#### [Task to carry out]
Every line of the material is to be returned verbatim. Pictures stay out.

BEGIN Provided data

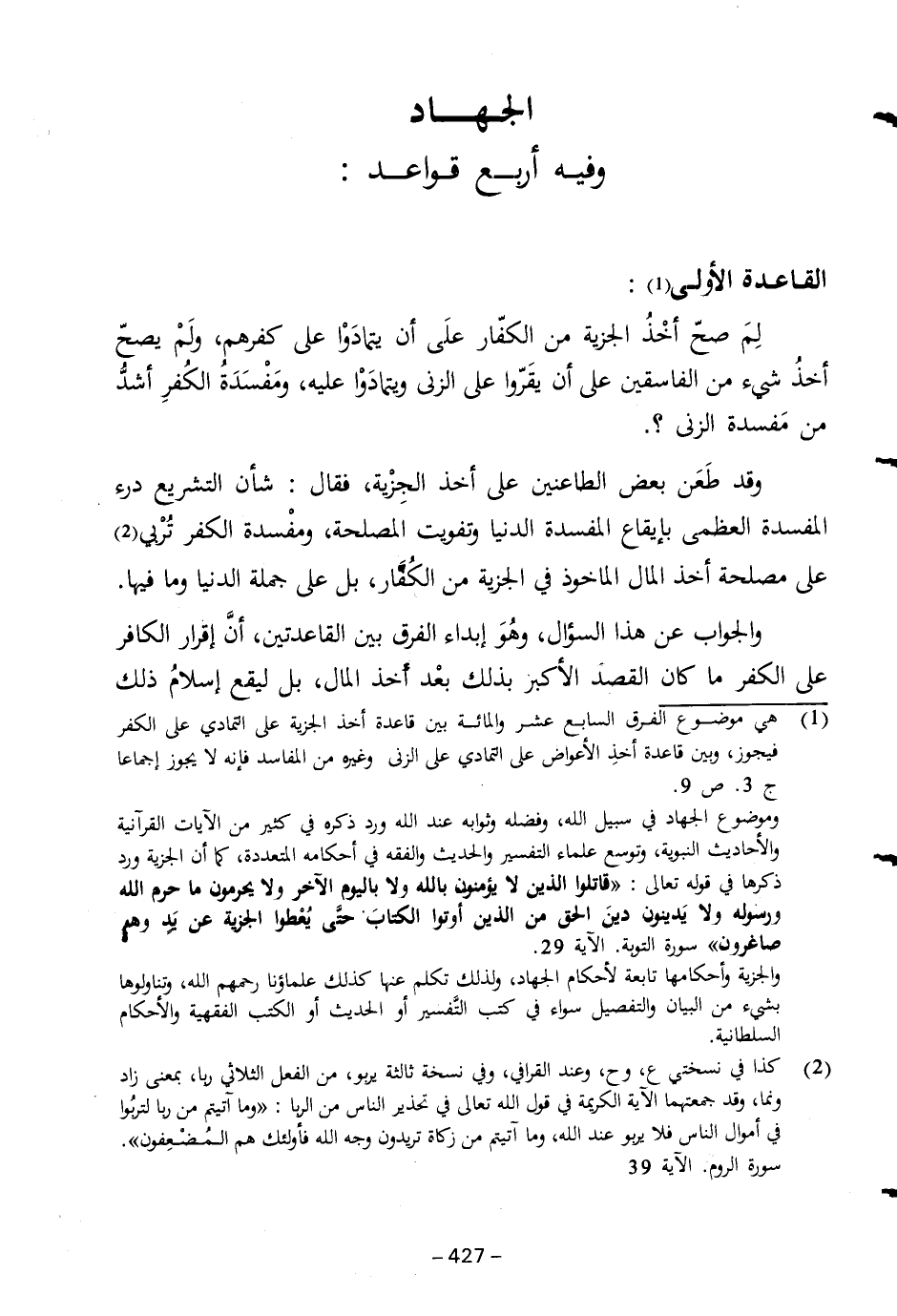 (١) هي موضوع الفرق السابع عشر والمائة بين قاعدة أخذ الجزية على التمادي على الكفر فيجوز، وبين قاعدة أخذِ الأعواض على التمادي على الزنى وغيره من المفاسد فإنه لا يجوز إجماعا جـ ٣. ص ٩.
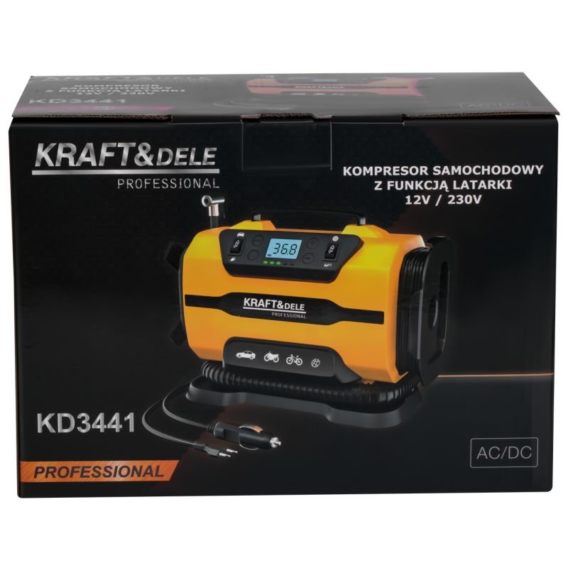 Compresor auto cu lanterna, 12 / 230 V, Kraft&Dele KD3441
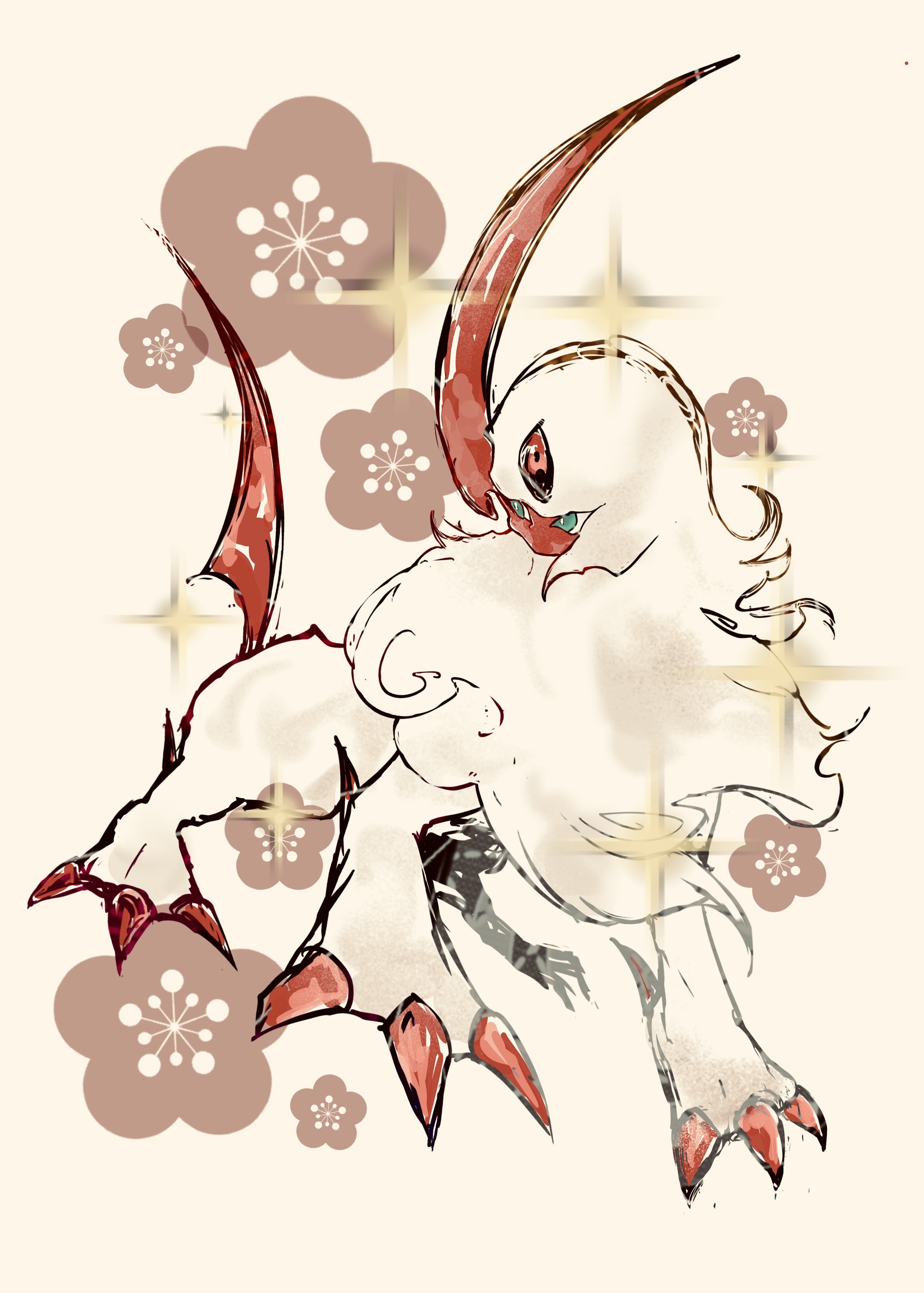 absol absurdres alternate_color animal_focus bright_pupils bwmtk1110 claws floral_background fluffy full_body gen_3_pokemon green_eyes highres horns looking_at_viewer mane mega_pokemon neck_fur nintendo no_humans pokemon pokemon_(creature) pokemon_focus shiny_pokemon simple_background single_horn solo sparkle standing white_background white_fur white_pupils
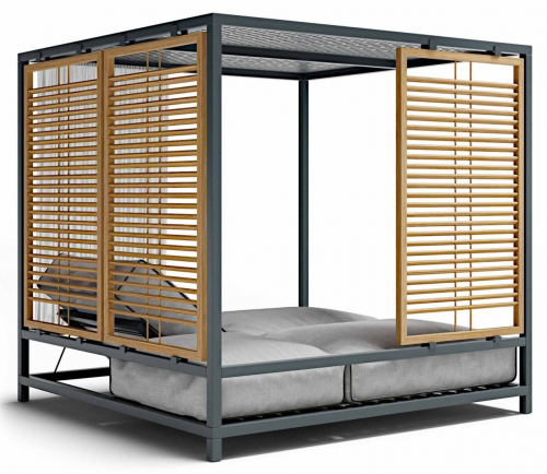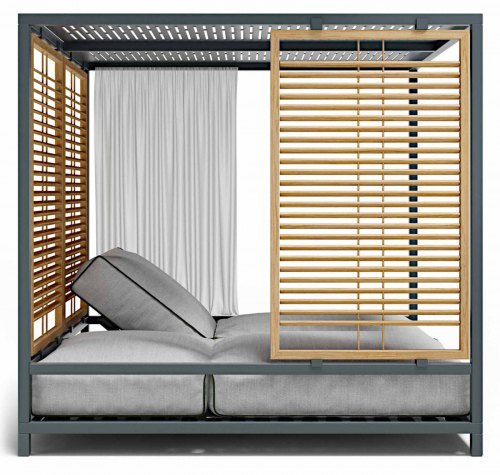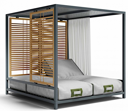 Шатер с двумя лежаками и шторами Alcova Dining спроектирован как гибридное крытое пространство, которое при этом сообщается с внешней средой. Гармоничная и элегантная модель создает эксклюзивные зоны под открытым небом, в которых можно наслаждаться природой в полном комфорте. Вы сможете делать это вдвоем, настраивая свой лежак так, как Вам нравится.

END Provided data

#### [Exercise result]
 (١) هي موضوع الفرق السابع عشر والمائة بين قاعدة أخذ الجزية على التمادي على الكفر فيجوز، وبين قاعدة أخذِ الأعواض على التمادي على الزنى وغيره من المفاسد فإنه لا يجوز إجماعا جـ ٣. ص ٩.
 Compresor auto cu lanterna, 12 / 230 V, Kraft&Dele KD3441
 absol absurdres alternate_color animal_focus bright_pupils bwmtk1110 claws floral_background fluffy full_body gen_3_pokemon green_eyes highres horns looking_at_viewer mane mega_pokemon neck_fur nintendo no_humans pokemon pokemon_(creature) pokemon_focus shiny_pokemon simple_background single_horn solo sparkle standing white_background white_fur white_pupils
 Шатер с двумя лежаками и шторами Alcova Dining спроектирован как гибридное крытое пространство, которое при этом сообщается с внешней средой. Гармоничная и элегантная модель создает эксклюзивные зоны под открытым небом, в которых можно наслаждаться природой в полном комфорте. Вы сможете делать это вдвоем, настраивая свой лежак так, как Вам нравится.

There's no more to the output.